Please output only the lines running from the one that contains "Concept site plan" through the last line of the data below, exactly as they stand, with no pictures.
○ ○ ○
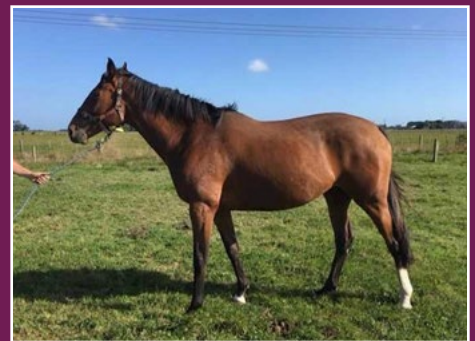
UNRESERVED FULL SISTER TO A DUAL AUSTRALIAN GROUP ONE WINNER.
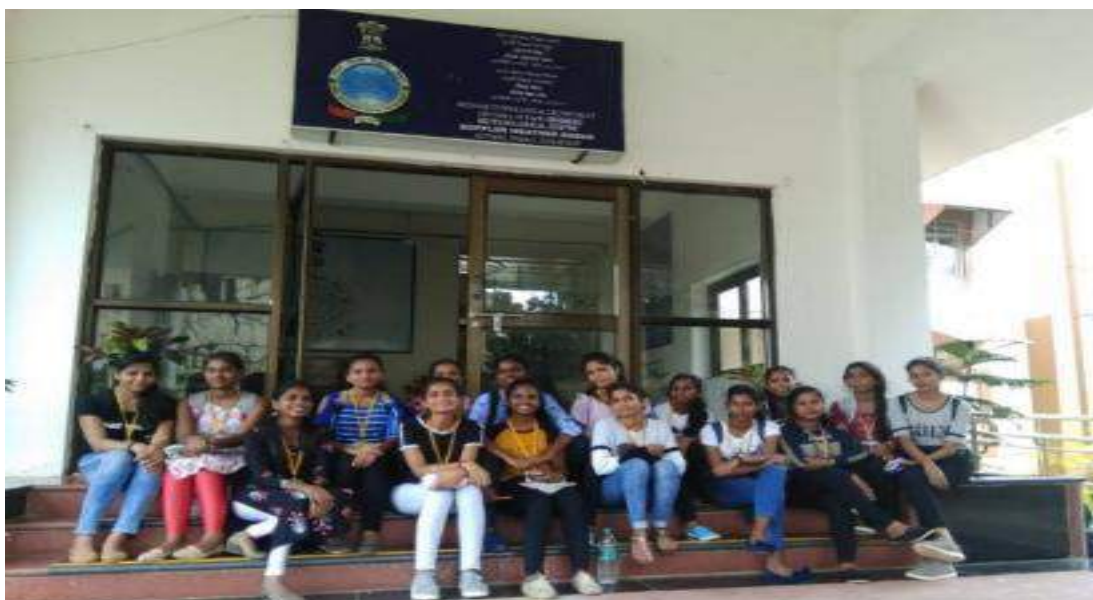
Students on a Study tour

Photo Gallery.....Activities conducted by Departments, Committees, cells, associations, clubs, Career Guidance and Placement cell
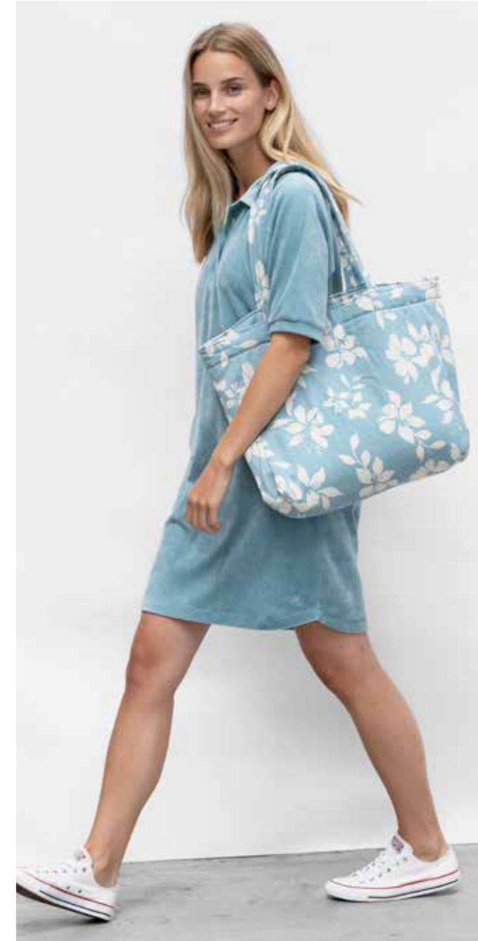
PHOTO 23 240182 BIRKA VELVET POLO DRESS SEA 240192 ALABAMA BAG SEA
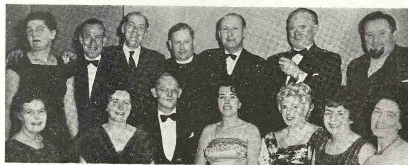
at the Annual Dinner in 1959.
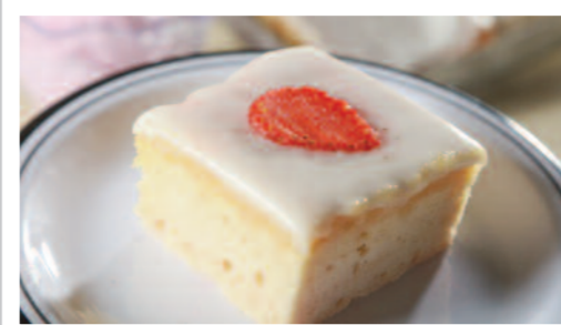
Strawberry Ice Cream Cake
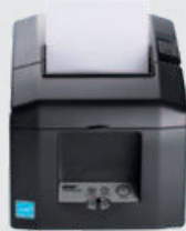
Thermal printer TSP 743
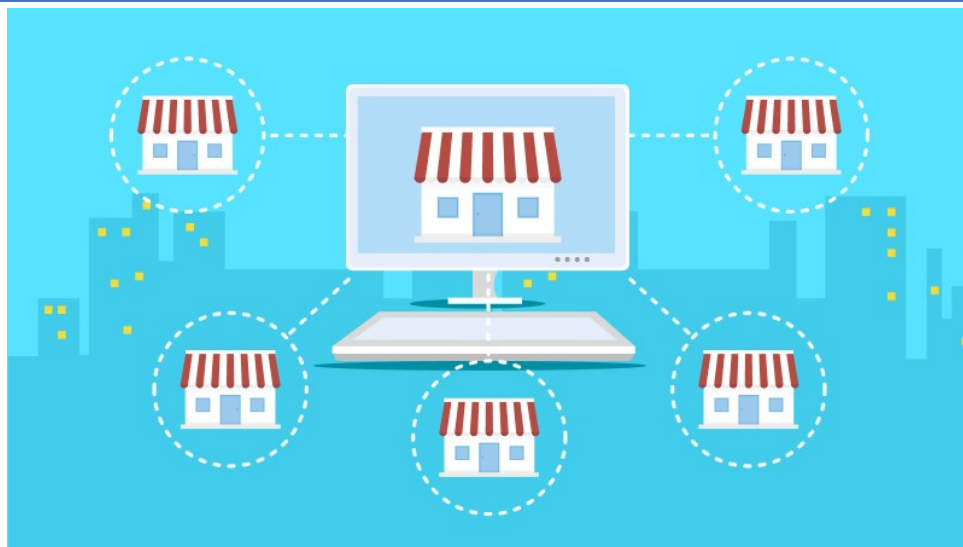
Fig 3: Distribution of Franchisee Stores
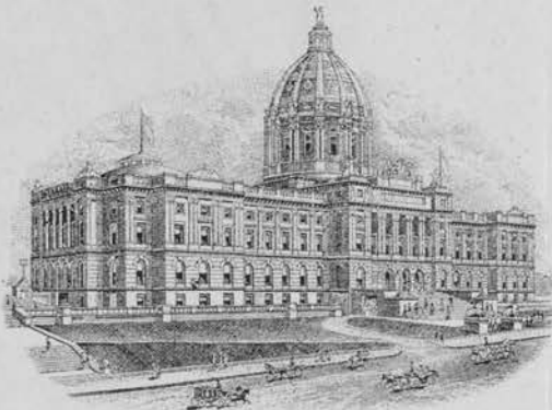
NEW STATE CAPITOL IN COURSE OF CONSTRUCTION.
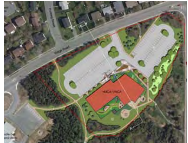
Concept site plan - new St. John's Family Y Ridge Road and Higgins Line.
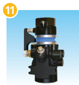
Emergency Shut-Off Valves
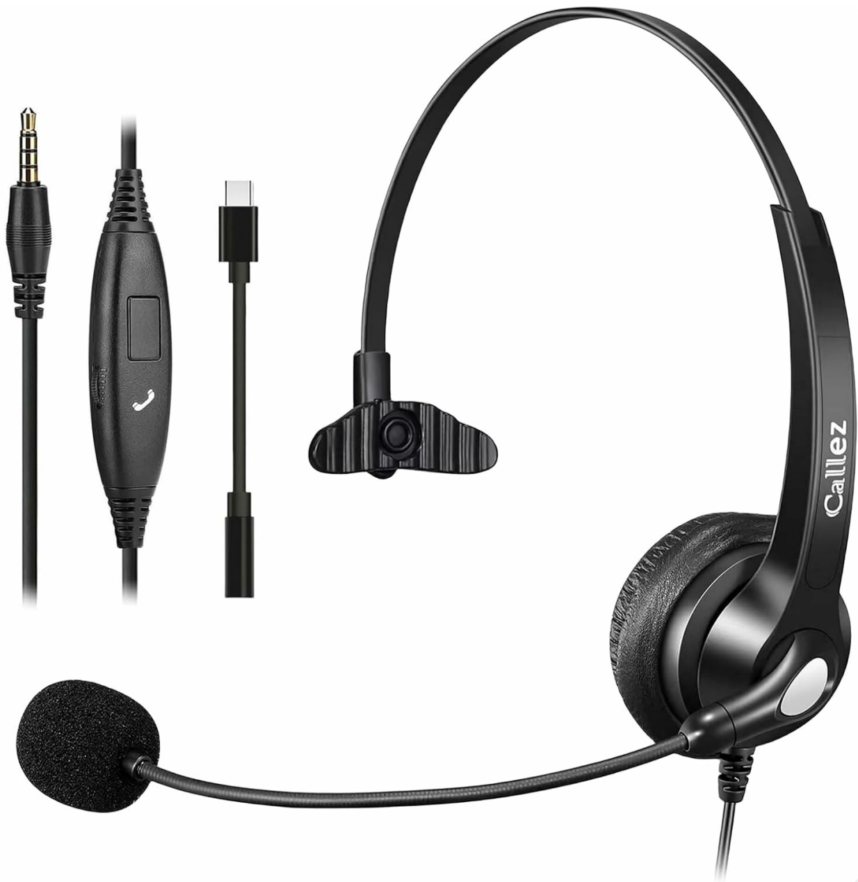
Image: Callez Y500E1 3.5mm Wired Headset, Gray-Monaural variant.
○ ○ ○
▶ **Task answer**
Concept site plan - new St. John's Family Y Ridge Road and Higgins Line.
Emergency Shut-Off Valves
Image: Callez Y500E1 3.5mm Wired Headset, Gray-Monaural variant.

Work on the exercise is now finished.